Полдень. В сарае мычит корова. В стадо ее не пустили: возвращаясь с выпаса, она — потому, наверное, что слепа на один глаз, — разбила рогом стекло в вагоне конки, и дед, очень расстроенный, вынужден был уплатить рубль штрафа.

Мать хлопотала на кухне, высокой, с открытым дымоходом. Я играл на террасе, складывая горкой подушки. Бабушка старательно — уже в который раз за день! — подметала тесный, продолговатый двор. Покончив с уборкой, она взошла на террасу, заглянула в зыбку, пристроенную между двух столбов, и вдруг закричала истошно:

— О, горе мне!.. Шаходат! Скорее сюда!..

Из кухни прибегает мать. Я тоже подхожу к зыбке. Мертвенно-бледное с желтизной лицо больного младшего братишки, его странно открытые неподвижные глаза вызывают невольный страх. Лицо матери становится песчано-серым, глаза наполняются слезами. Бабушка дрожащими пальцами проводит легонько по векам ребенка.

Немного времени спустя приходят соседи. Дедушка, не в силах сдержать себя, плачет навзрыд, тяжело, опершись на палку. Я стою, бледный, подавленный, низко опустив голову. Как-то пусто вдруг стало кругом, все казалось холодным, неприветливым…

* * *

Как-то вечером с улицы неожиданно донесся рев верблюдов, послышались громкие незнакомые голоса. Старший брат метнулся к калитке, я припустил вслед за ним.

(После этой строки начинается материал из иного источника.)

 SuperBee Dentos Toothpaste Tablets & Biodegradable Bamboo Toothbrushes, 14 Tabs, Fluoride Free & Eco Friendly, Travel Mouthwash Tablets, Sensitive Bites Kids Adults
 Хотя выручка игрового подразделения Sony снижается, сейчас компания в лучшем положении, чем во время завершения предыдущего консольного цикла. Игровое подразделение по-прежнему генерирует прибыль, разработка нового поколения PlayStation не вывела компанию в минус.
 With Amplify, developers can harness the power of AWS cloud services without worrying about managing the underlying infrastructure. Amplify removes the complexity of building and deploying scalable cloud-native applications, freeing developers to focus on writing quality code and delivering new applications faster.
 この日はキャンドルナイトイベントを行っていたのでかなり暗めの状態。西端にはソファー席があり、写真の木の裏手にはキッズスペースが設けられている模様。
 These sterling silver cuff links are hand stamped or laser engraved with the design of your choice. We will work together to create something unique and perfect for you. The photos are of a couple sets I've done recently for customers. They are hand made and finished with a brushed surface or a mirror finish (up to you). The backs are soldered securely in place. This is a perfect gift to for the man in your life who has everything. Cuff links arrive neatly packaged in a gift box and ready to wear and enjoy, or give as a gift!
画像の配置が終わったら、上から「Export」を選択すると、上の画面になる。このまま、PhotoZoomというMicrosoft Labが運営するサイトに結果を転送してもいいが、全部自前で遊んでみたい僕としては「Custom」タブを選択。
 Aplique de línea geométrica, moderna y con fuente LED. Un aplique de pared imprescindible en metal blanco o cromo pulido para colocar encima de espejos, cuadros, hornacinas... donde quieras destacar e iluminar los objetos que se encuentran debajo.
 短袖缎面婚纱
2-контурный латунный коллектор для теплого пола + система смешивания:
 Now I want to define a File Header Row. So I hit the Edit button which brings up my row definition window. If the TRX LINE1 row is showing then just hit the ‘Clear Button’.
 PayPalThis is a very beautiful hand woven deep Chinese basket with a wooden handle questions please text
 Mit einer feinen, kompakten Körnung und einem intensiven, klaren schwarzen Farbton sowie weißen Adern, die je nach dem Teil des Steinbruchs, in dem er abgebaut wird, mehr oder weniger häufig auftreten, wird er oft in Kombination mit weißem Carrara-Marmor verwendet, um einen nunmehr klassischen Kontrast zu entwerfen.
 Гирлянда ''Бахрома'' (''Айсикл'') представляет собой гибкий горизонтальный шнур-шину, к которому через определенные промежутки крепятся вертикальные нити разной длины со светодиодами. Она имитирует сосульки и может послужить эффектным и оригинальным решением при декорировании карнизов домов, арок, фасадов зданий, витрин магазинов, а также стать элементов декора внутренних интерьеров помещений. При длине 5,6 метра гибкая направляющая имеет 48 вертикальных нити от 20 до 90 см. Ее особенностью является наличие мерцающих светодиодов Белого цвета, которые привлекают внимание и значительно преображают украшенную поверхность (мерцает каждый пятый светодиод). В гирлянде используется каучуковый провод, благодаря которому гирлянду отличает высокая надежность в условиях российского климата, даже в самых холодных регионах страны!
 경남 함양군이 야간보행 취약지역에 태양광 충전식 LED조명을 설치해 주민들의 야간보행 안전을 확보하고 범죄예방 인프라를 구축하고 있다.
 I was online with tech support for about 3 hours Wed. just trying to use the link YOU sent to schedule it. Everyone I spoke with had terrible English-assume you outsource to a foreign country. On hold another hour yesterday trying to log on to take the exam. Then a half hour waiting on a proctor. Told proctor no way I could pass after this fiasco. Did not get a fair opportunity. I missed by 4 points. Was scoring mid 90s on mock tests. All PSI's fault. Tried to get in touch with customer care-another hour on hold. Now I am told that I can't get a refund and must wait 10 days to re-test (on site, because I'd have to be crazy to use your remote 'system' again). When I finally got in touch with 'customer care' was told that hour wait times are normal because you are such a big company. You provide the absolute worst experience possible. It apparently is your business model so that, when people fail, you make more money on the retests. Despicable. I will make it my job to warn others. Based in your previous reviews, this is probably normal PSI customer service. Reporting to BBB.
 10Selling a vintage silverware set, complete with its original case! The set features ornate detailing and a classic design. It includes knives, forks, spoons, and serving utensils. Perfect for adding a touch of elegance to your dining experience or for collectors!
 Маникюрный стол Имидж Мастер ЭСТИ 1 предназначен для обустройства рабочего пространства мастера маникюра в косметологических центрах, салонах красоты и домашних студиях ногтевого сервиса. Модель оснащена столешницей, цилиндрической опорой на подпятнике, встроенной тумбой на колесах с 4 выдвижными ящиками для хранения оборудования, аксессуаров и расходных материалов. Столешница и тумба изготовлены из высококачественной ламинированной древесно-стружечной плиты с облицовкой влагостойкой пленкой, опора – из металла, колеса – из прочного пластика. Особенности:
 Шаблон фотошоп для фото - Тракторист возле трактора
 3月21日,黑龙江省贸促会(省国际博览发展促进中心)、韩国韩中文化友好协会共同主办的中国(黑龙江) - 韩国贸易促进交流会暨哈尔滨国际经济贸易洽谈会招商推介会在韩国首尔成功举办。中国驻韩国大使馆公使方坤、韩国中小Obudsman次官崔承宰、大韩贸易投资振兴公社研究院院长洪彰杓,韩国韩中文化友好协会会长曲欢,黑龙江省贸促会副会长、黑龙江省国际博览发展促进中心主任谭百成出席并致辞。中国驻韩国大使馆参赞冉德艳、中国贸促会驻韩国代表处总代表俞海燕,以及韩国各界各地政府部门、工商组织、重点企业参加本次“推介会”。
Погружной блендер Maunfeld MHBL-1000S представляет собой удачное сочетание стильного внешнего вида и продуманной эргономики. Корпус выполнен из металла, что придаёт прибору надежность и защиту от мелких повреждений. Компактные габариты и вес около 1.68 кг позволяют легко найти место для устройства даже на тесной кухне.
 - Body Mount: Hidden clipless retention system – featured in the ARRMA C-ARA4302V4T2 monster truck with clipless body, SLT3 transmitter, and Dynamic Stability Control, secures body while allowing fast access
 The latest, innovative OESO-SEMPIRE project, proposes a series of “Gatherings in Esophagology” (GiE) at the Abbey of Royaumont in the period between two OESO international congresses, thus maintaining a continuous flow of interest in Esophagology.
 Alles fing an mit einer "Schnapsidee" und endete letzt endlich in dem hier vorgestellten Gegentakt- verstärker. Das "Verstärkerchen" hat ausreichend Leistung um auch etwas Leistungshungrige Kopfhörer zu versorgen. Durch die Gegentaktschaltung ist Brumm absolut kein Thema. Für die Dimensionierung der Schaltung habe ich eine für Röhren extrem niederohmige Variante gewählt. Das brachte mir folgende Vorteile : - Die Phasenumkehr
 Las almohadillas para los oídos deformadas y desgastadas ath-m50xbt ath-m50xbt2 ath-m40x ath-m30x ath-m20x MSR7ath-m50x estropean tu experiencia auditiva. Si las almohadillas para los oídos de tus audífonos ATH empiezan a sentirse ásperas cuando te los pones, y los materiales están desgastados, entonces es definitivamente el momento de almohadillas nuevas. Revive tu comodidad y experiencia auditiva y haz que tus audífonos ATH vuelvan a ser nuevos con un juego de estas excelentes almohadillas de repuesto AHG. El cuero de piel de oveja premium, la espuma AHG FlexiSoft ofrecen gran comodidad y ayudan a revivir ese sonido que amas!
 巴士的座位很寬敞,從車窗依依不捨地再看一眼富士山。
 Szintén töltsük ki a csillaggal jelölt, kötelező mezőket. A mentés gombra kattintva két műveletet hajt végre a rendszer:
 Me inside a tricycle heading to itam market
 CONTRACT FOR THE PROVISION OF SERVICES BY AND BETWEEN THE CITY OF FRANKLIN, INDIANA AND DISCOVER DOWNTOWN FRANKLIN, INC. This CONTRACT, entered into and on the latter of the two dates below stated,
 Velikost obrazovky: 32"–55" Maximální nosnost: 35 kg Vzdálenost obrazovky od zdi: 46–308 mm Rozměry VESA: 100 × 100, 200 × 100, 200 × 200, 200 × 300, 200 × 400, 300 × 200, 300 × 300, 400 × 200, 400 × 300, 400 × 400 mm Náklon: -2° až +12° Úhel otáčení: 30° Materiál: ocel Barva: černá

В тесной, кривой улочке, как в мышеловке, сгрудилось много верблюдов с тяжелыми вьюками. Разбрасывая во все стороны пену с губ, они сердито мотали головами, отчего подвешенные к шее большущие, с кумган, ботала звонко гремели. Незнакомые люди, рослые, в рваной одежде, покрикивая «чих-чих!», укладывали передних верблюдов на колени.